Can you copy out the data exactly? Leave the images out.

(DATASET EXCERPT)

•••••

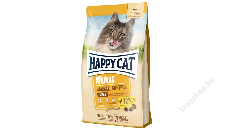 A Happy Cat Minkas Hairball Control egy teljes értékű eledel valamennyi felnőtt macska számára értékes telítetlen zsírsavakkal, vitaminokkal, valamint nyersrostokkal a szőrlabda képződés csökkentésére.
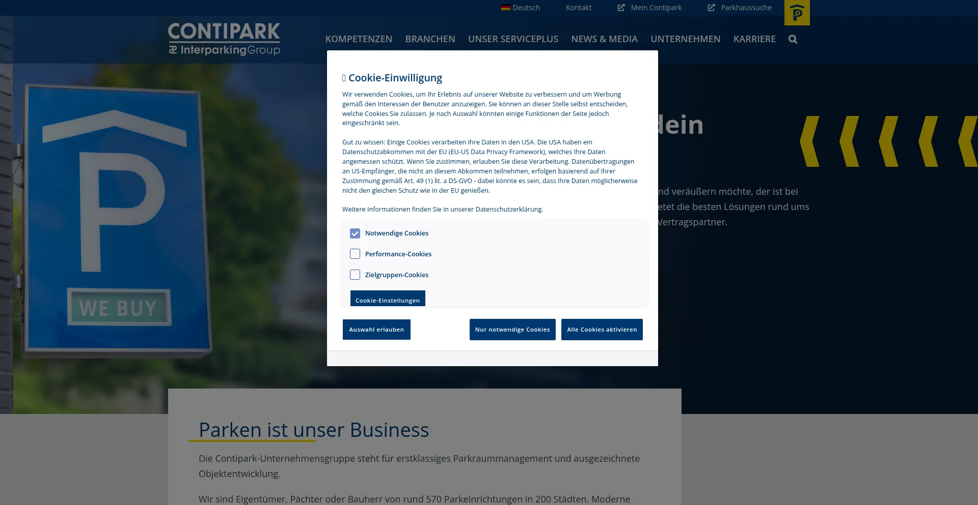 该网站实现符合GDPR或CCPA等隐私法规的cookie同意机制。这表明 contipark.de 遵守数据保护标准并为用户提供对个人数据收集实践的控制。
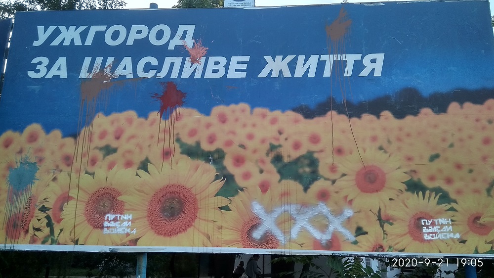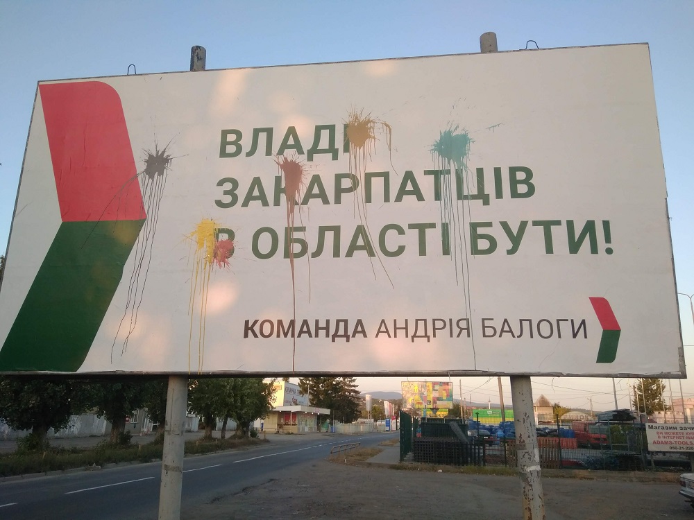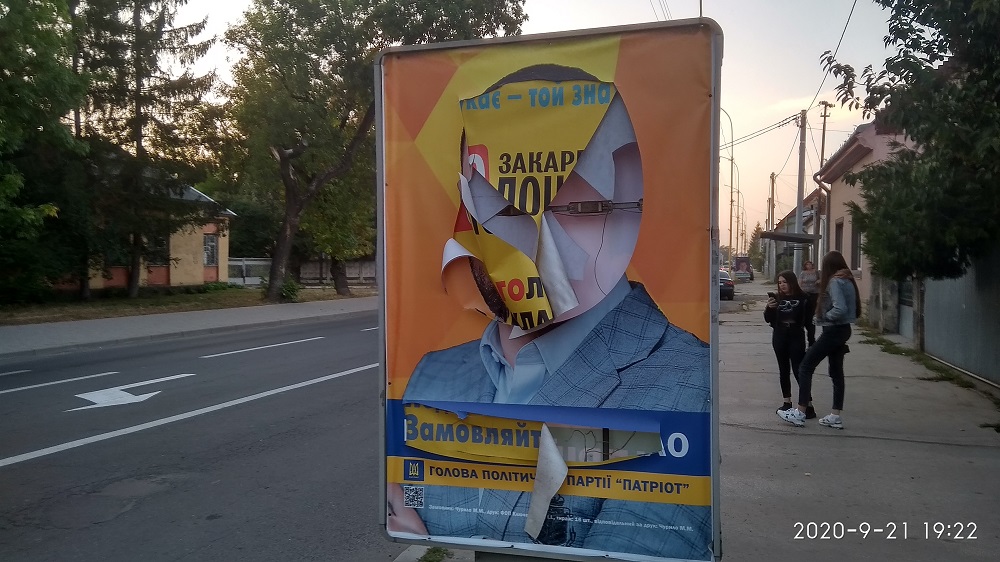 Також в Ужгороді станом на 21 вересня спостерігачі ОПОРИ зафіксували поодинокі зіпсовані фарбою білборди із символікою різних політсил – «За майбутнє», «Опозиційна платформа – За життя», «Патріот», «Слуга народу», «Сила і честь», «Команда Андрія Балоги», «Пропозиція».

•••••

(PROBLEM SOLUTION)
 A Happy Cat Minkas Hairball Control egy teljes értékű eledel valamennyi felnőtt macska számára értékes telítetlen zsírsavakkal, vitaminokkal, valamint nyersrostokkal a szőrlabda képződés csökkentésére.
 该网站实现符合GDPR或CCPA等隐私法规的cookie同意机制。这表明 contipark.de 遵守数据保护标准并为用户提供对个人数据收集实践的控制。
 Також в Ужгороді станом на 21 вересня спостерігачі ОПОРИ зафіксували поодинокі зіпсовані фарбою білборди із символікою різних політсил – «За майбутнє», «Опозиційна платформа – За життя», «Патріот», «Слуга народу», «Сила і честь», «Команда Андрія Балоги», «Пропозиція».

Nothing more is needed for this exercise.